■ **What to produce**
Quote the data below in full, minus the images.
[Raw data]
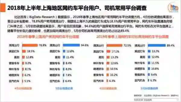 数据显示,4月份受企业补贴影响,上海用户最常用的网约车中,滴滴出行位列第一,占比78.8%,刚登陆上海不久的美团排名第二,占比18.5%,司机最常用平台滴滴出行排名第一,占比72.5%,美团紧随其后,占比17.1%。
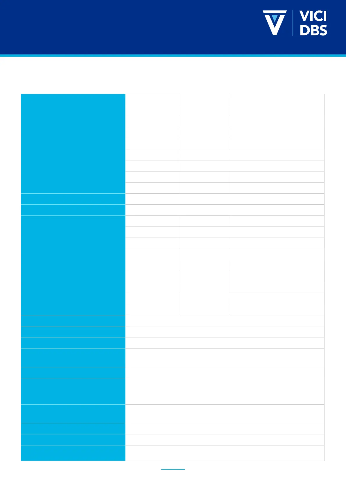 VICI DBS NM PLUS 100 - Specifications and Options; Detailed Product Specifications
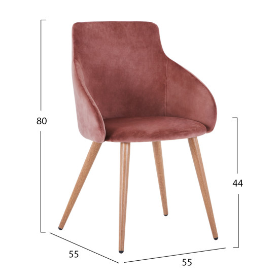 Πολυθρονάκι IVYμε μπράτσα επενδυμένο με βελούδο σε απόχρωση σάπιο μήλο. Τα πόδια είναι μεταλλικά, βαμμένα έτσι ώστε να αποδίδουν την όψη του ξύλου.
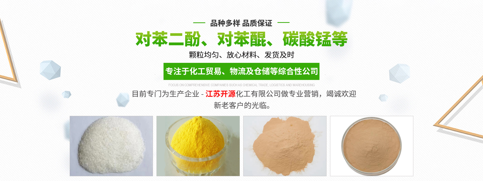 江苏利生化工有限公司是一家专注于化工贸易、物流及仓储等综合性公司(是中石化和中石油供应商),成立于2008年6月,注册资本1000万。目前专门为生产企业 - 江苏开源化工有限公司做专业营销,竭诚欢迎新老客户的光临。公司主导产品有吩噻嗪、丙三醇、对苯二酚、对苯醌、碳酸锰等。
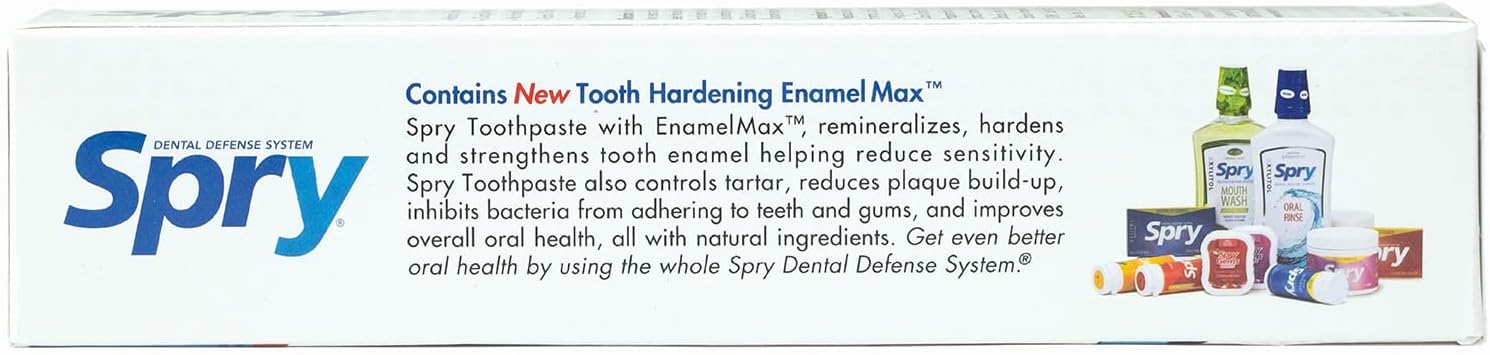 - NATURAL TOOTHPASTE WITH INGREDIENTS YOU CAN TRUST: Spry peppermint xylitol toothpaste contains natural, teeth whitening ingredients like xylitol, a plant-derived sweetener, that provides numerous advantages in oral care like keeping the effects of toothpaste lasting long after youâre done brushing, sodium methyl cocoyl taurate from coconut oil, and soothing aloe vera. Spry peppermint xylitol toothpaste also contains natural peppermint flavor sourced from organic peppermint oil.
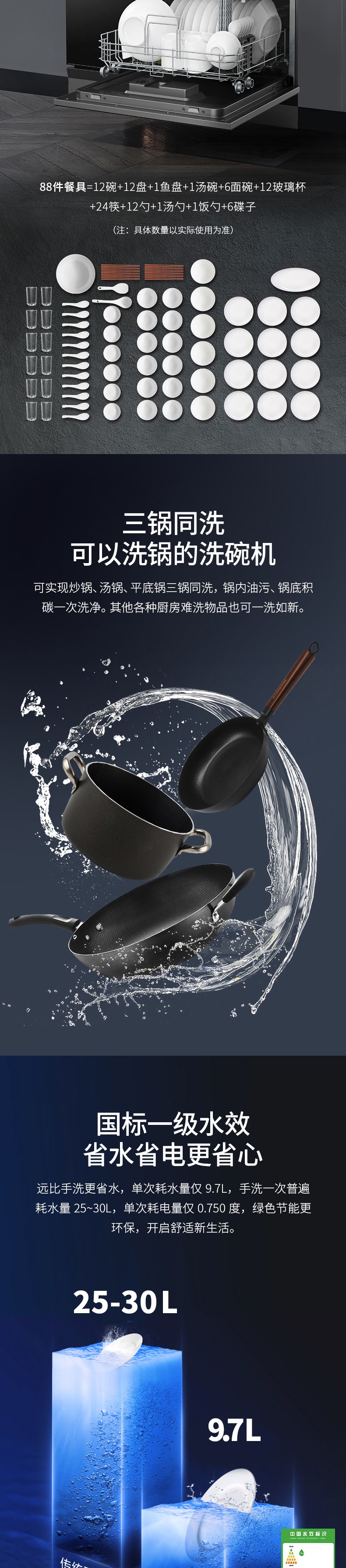 12套大容量洗碗機,可容納88件餐具
[/Raw data]
■ **Problem solution**
 数据显示,4月份受企业补贴影响,上海用户最常用的网约车中,滴滴出行位列第一,占比78.8%,刚登陆上海不久的美团排名第二,占比18.5%,司机最常用平台滴滴出行排名第一,占比72.5%,美团紧随其后,占比17.1%。
 VICI DBS NM PLUS 100 - Specifications and Options; Detailed Product Specifications
 Πολυθρονάκι IVYμε μπράτσα επενδυμένο με βελούδο σε απόχρωση σάπιο μήλο. Τα πόδια είναι μεταλλικά, βαμμένα έτσι ώστε να αποδίδουν την όψη του ξύλου.
 江苏利生化工有限公司是一家专注于化工贸易、物流及仓储等综合性公司(是中石化和中石油供应商),成立于2008年6月,注册资本1000万。目前专门为生产企业 - 江苏开源化工有限公司做专业营销,竭诚欢迎新老客户的光临。公司主导产品有吩噻嗪、丙三醇、对苯二酚、对苯醌、碳酸锰等。
 - NATURAL TOOTHPASTE WITH INGREDIENTS YOU CAN TRUST: Spry peppermint xylitol toothpaste contains natural, teeth whitening ingredients like xylitol, a plant-derived sweetener, that provides numerous advantages in oral care like keeping the effects of toothpaste lasting long after youâre done brushing, sodium methyl cocoyl taurate from coconut oil, and soothing aloe vera. Spry peppermint xylitol toothpaste also contains natural peppermint flavor sourced from organic peppermint oil.
 12套大容量洗碗機,可容納88件餐具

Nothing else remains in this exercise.